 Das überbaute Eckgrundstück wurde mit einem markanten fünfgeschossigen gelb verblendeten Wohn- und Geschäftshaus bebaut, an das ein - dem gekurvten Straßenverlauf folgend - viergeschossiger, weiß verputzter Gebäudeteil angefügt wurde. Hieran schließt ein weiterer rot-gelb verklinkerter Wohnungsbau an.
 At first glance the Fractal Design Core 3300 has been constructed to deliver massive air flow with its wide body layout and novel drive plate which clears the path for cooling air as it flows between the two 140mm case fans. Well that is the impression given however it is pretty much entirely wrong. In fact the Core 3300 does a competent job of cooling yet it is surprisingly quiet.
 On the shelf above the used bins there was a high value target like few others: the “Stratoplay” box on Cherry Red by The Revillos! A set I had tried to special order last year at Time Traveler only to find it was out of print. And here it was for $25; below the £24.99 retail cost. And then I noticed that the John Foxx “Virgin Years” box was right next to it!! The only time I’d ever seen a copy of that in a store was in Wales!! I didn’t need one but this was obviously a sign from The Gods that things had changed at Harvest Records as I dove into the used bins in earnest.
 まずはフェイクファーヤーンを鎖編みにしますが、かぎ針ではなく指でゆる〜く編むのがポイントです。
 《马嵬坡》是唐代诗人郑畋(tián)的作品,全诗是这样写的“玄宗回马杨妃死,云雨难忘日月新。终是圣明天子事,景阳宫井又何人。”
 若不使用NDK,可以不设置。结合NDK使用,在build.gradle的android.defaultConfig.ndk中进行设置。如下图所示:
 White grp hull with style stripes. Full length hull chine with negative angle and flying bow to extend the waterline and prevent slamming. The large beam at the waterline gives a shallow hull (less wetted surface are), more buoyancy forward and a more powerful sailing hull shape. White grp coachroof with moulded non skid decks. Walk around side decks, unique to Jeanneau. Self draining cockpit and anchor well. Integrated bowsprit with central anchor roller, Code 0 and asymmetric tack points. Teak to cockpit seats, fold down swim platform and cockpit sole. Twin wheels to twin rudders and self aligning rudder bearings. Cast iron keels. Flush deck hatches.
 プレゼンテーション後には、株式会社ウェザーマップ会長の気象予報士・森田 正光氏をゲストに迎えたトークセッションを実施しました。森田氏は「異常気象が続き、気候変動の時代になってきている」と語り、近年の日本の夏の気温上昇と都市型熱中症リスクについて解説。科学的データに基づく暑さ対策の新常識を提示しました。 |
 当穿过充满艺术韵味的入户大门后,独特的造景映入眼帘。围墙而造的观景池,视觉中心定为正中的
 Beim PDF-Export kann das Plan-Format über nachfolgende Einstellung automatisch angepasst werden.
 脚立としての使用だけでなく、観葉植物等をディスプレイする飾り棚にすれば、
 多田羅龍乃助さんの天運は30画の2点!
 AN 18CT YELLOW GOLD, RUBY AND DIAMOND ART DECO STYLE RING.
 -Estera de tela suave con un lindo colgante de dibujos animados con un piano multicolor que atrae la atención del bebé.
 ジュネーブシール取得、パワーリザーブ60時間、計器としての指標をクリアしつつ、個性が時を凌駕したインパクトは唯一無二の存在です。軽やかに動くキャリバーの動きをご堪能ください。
————————
◆ WHAT YOU HAVE TO DO
Output exactly the lines of the material above from the one containing "On the shelf" up to and including the one containing "多田羅龍乃助さんの天運は30画の2点!".

◆ ANSWER AREA
 On the shelf above the used bins there was a high value target like few others: the “Stratoplay” box on Cherry Red by The Revillos! A set I had tried to special order last year at Time Traveler only to find it was out of print. And here it was for $25; below the £24.99 retail cost. And then I noticed that the John Foxx “Virgin Years” box was right next to it!! The only time I’d ever seen a copy of that in a store was in Wales!! I didn’t need one but this was obviously a sign from The Gods that things had changed at Harvest Records as I dove into the used bins in earnest.
 まずはフェイクファーヤーンを鎖編みにしますが、かぎ針ではなく指でゆる〜く編むのがポイントです。
 《马嵬坡》是唐代诗人郑畋(tián)的作品,全诗是这样写的“玄宗回马杨妃死,云雨难忘日月新。终是圣明天子事,景阳宫井又何人。”
 若不使用NDK,可以不设置。结合NDK使用,在build.gradle的android.defaultConfig.ndk中进行设置。如下图所示:
 White grp hull with style stripes. Full length hull chine with negative angle and flying bow to extend the waterline and prevent slamming. The large beam at the waterline gives a shallow hull (less wetted surface are), more buoyancy forward and a more powerful sailing hull shape. White grp coachroof with moulded non skid decks. Walk around side decks, unique to Jeanneau. Self draining cockpit and anchor well. Integrated bowsprit with central anchor roller, Code 0 and asymmetric tack points. Teak to cockpit seats, fold down swim platform and cockpit sole. Twin wheels to twin rudders and self aligning rudder bearings. Cast iron keels. Flush deck hatches.
 プレゼンテーション後には、株式会社ウェザーマップ会長の気象予報士・森田 正光氏をゲストに迎えたトークセッションを実施しました。森田氏は「異常気象が続き、気候変動の時代になってきている」と語り、近年の日本の夏の気温上昇と都市型熱中症リスクについて解説。科学的データに基づく暑さ対策の新常識を提示しました。 |
 当穿过充满艺术韵味的入户大门后,独特的造景映入眼帘。围墙而造的观景池,视觉中心定为正中的
 Beim PDF-Export kann das Plan-Format über nachfolgende Einstellung automatisch angepasst werden.
 脚立としての使用だけでなく、観葉植物等をディスプレイする飾り棚にすれば、
 多田羅龍乃助さんの天運は30画の2点!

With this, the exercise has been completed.